• PROBLEM REQUIREMENTS
Below are the records to transcribe exactly; do not include any images.

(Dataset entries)
= = = =

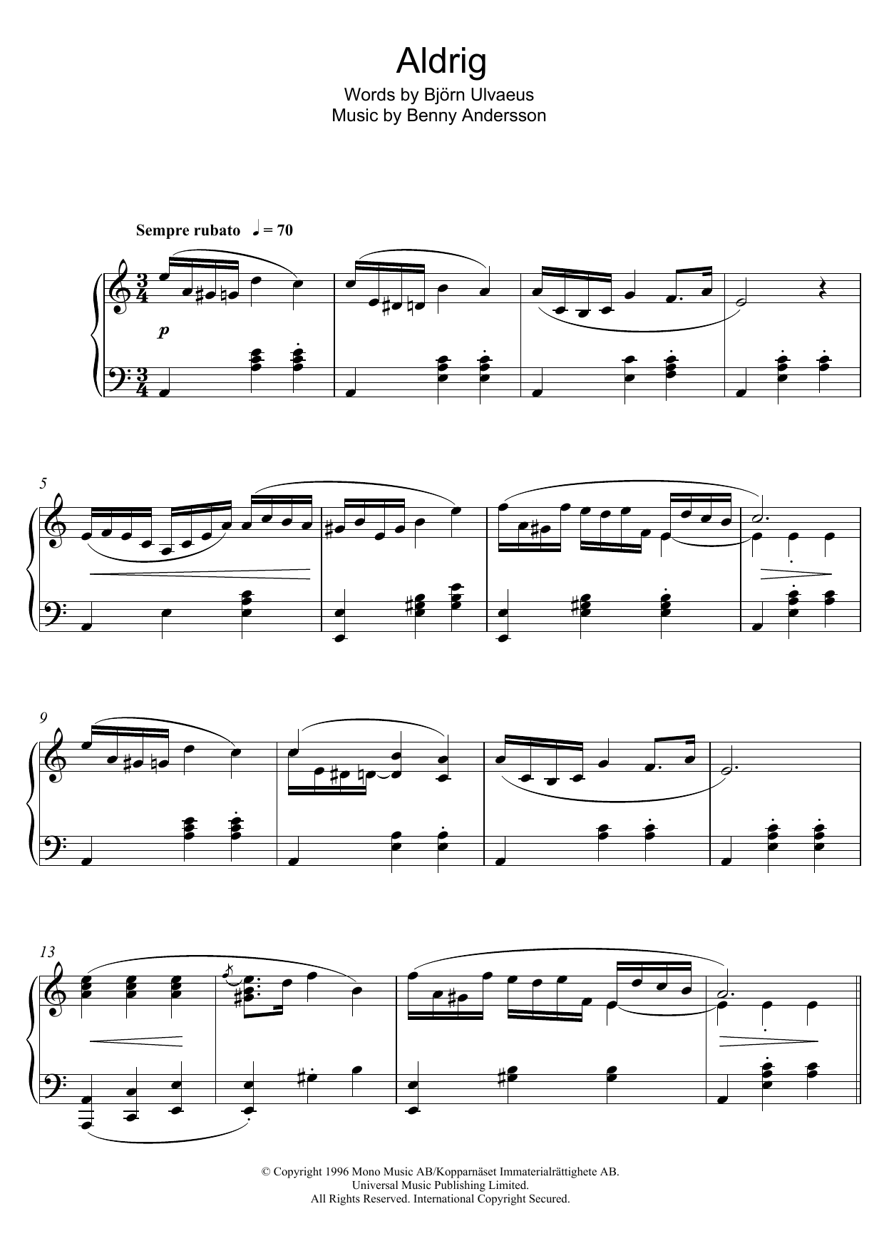 Download or print Benny Andersson Aldrig sheet music, chords and digital score arranged for Piano Solo. This Pop score includes 5 page(s).
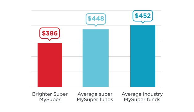 Brighter Super analysis conducted for 31 December 2025 of SuperRatings SMART Portal fee data, accessed on 22 January 2026. Analysis compares the Total Fee, based on a $50,000 super balance, and considers SuperRatings SR MySuper Index. Average industry fund considers industry funds with no joining restrictions. For more information on the SuperRatings research methodology visit www.superratings.com.au.
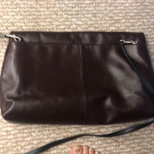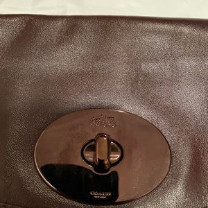 Gorgeous leather burgundy (coach calls the color oxblood) envelope clutch with attached black leather handle. Rose-colored lock. Inside is fabric. Very roomy. Worn 2x.
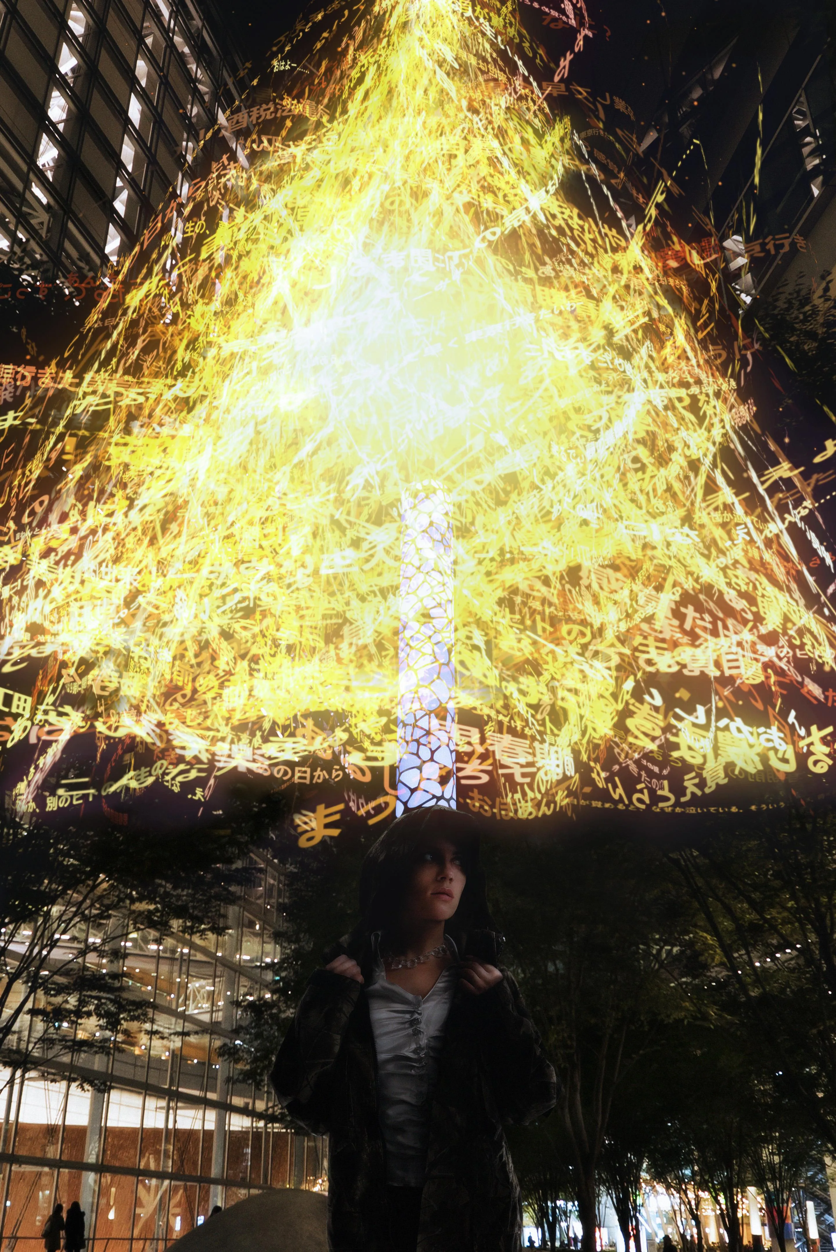 透过智能手机应用程序「Message Pillar」(信息光柱)的镜头来观察信息光柱,会发现柱子的周围漂浮着文字。只要在应用程序上书写讯息并上传,该讯息就会和之前被发布上去的信息一起飘浮在空中,变成一个由信息组成的树木。
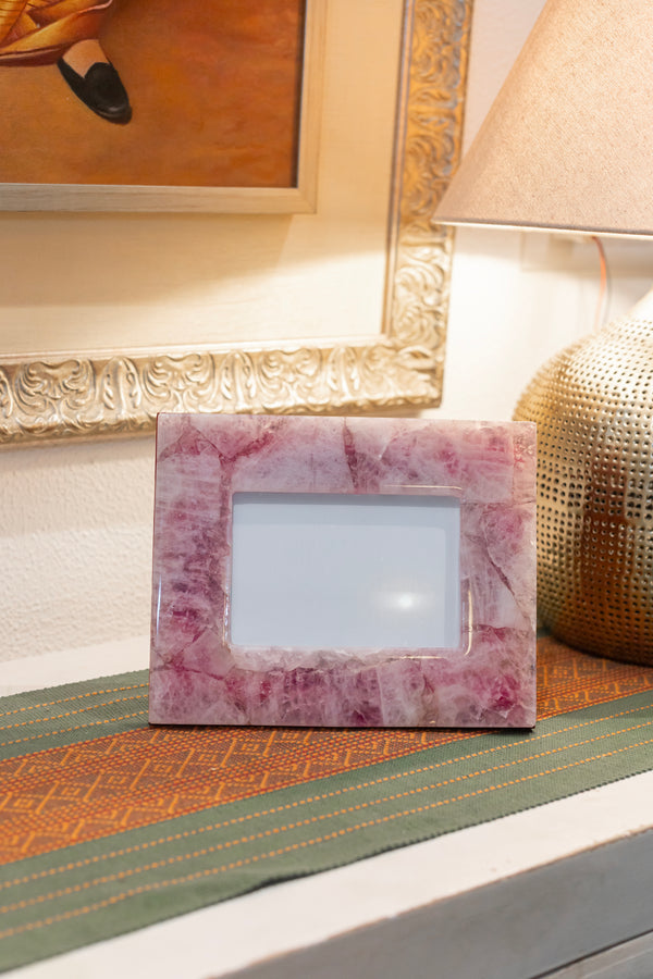 This elegant natural rose quartz photo frame is a beautiful blend of nature’s charm and refined craftsmanship. Made from genuine rose quartz, the frame features soft pink tones and natural crystal patterns, making each piece uniquely graceful. Known as the stone of love and harmony, rose quartz is believed to attract positive energy, warmth, and emotional balance.
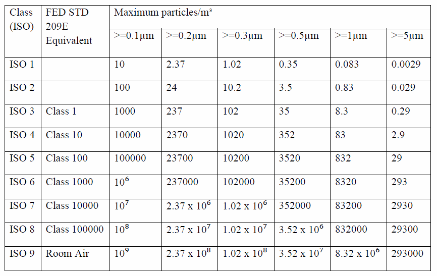 國(guó)際標(biāo)準(zhǔn)組織建立了九個(gè)潔凈室分類(lèi)。這些標(biāo)準(zhǔn)被分配了從 ISO 1 到 ISO 9的分類(lèi)。潔凈室分類(lèi)基于房間的清潔度。這些分類(lèi)被分解為每立方米有多少特定尺寸的顆粒,然后被分配一個(gè) ISO 分類(lèi)。然后根據(jù) ISO 標(biāo)準(zhǔn)分配類(lèi)。不同的行業(yè)需要不同的清潔度和無(wú)菌度。
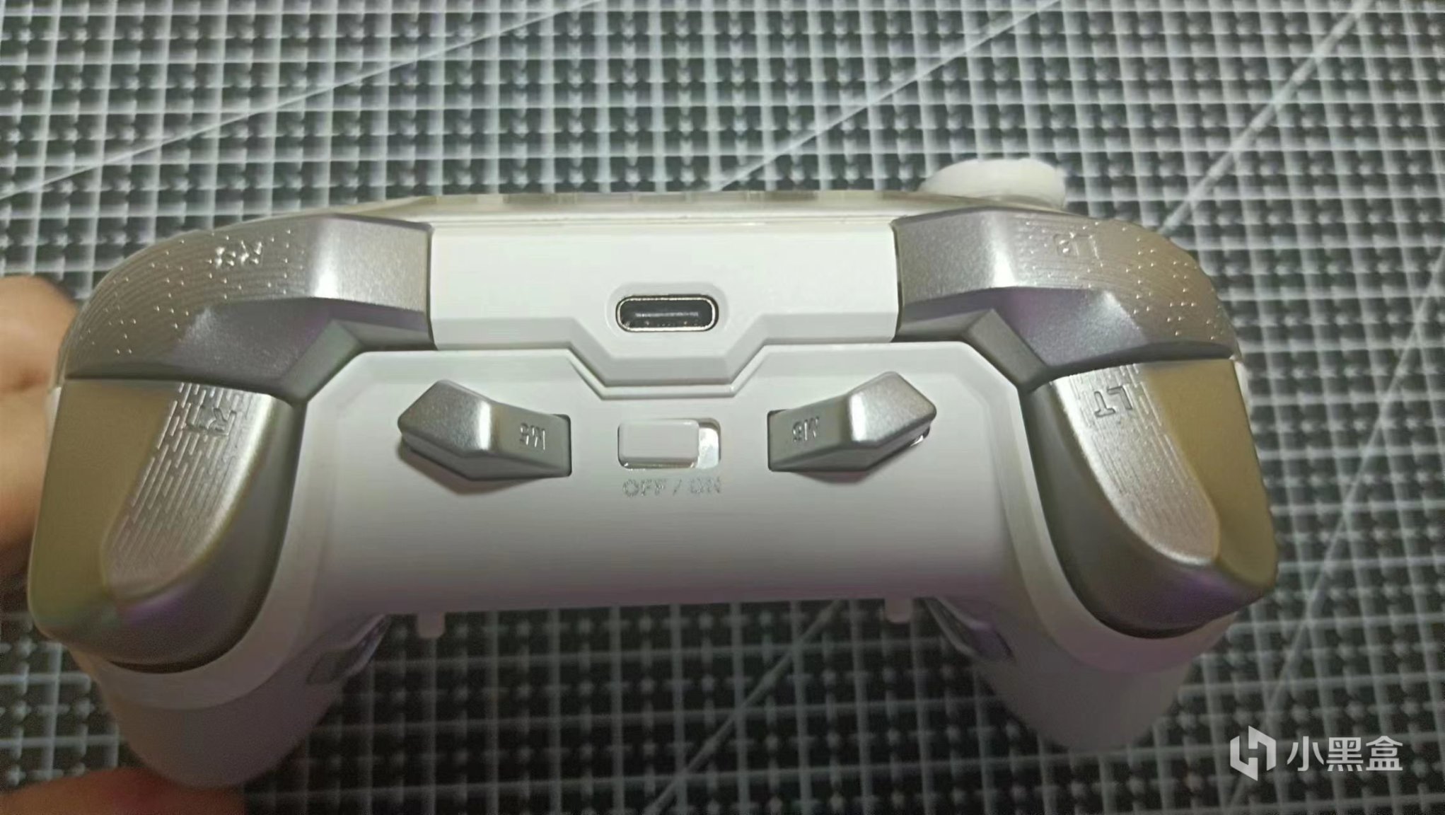到了这次我想吐槽的部分了,就是北通宙斯2的肩键和背键设计,不是说材质硬件不好,相反材质非常棒,但是设计的位置却有点尴尬。单说肩键其实还进步了,宙斯1的肩键有种塑料的质感,宙斯2的肩键就无缝衔接xbox的触感了,清脆且回弹快。

= = = =

• TASK RESULT
 Download or print Benny Andersson Aldrig sheet music, chords and digital score arranged for Piano Solo. This Pop score includes 5 page(s).
 Brighter Super analysis conducted for 31 December 2025 of SuperRatings SMART Portal fee data, accessed on 22 January 2026. Analysis compares the Total Fee, based on a $50,000 super balance, and considers SuperRatings SR MySuper Index. Average industry fund considers industry funds with no joining restrictions. For more information on the SuperRatings research methodology visit www.superratings.com.au.
 Gorgeous leather burgundy (coach calls the color oxblood) envelope clutch with attached black leather handle. Rose-colored lock. Inside is fabric. Very roomy. Worn 2x.
 透过智能手机应用程序「Message Pillar」(信息光柱)的镜头来观察信息光柱,会发现柱子的周围漂浮着文字。只要在应用程序上书写讯息并上传,该讯息就会和之前被发布上去的信息一起飘浮在空中,变成一个由信息组成的树木。
 This elegant natural rose quartz photo frame is a beautiful blend of nature’s charm and refined craftsmanship. Made from genuine rose quartz, the frame features soft pink tones and natural crystal patterns, making each piece uniquely graceful. Known as the stone of love and harmony, rose quartz is believed to attract positive energy, warmth, and emotional balance.
 國(guó)際標(biāo)準(zhǔn)組織建立了九個(gè)潔凈室分類(lèi)。這些標(biāo)準(zhǔn)被分配了從 ISO 1 到 ISO 9的分類(lèi)。潔凈室分類(lèi)基于房間的清潔度。這些分類(lèi)被分解為每立方米有多少特定尺寸的顆粒,然后被分配一個(gè) ISO 分類(lèi)。然后根據(jù) ISO 標(biāo)準(zhǔn)分配類(lèi)。不同的行業(yè)需要不同的清潔度和無(wú)菌度。
到了这次我想吐槽的部分了,就是北通宙斯2的肩键和背键设计,不是说材质硬件不好,相反材质非常棒,但是设计的位置却有点尴尬。单说肩键其实还进步了,宙斯1的肩键有种塑料的质感,宙斯2的肩键就无缝衔接xbox的触感了,清脆且回弹快。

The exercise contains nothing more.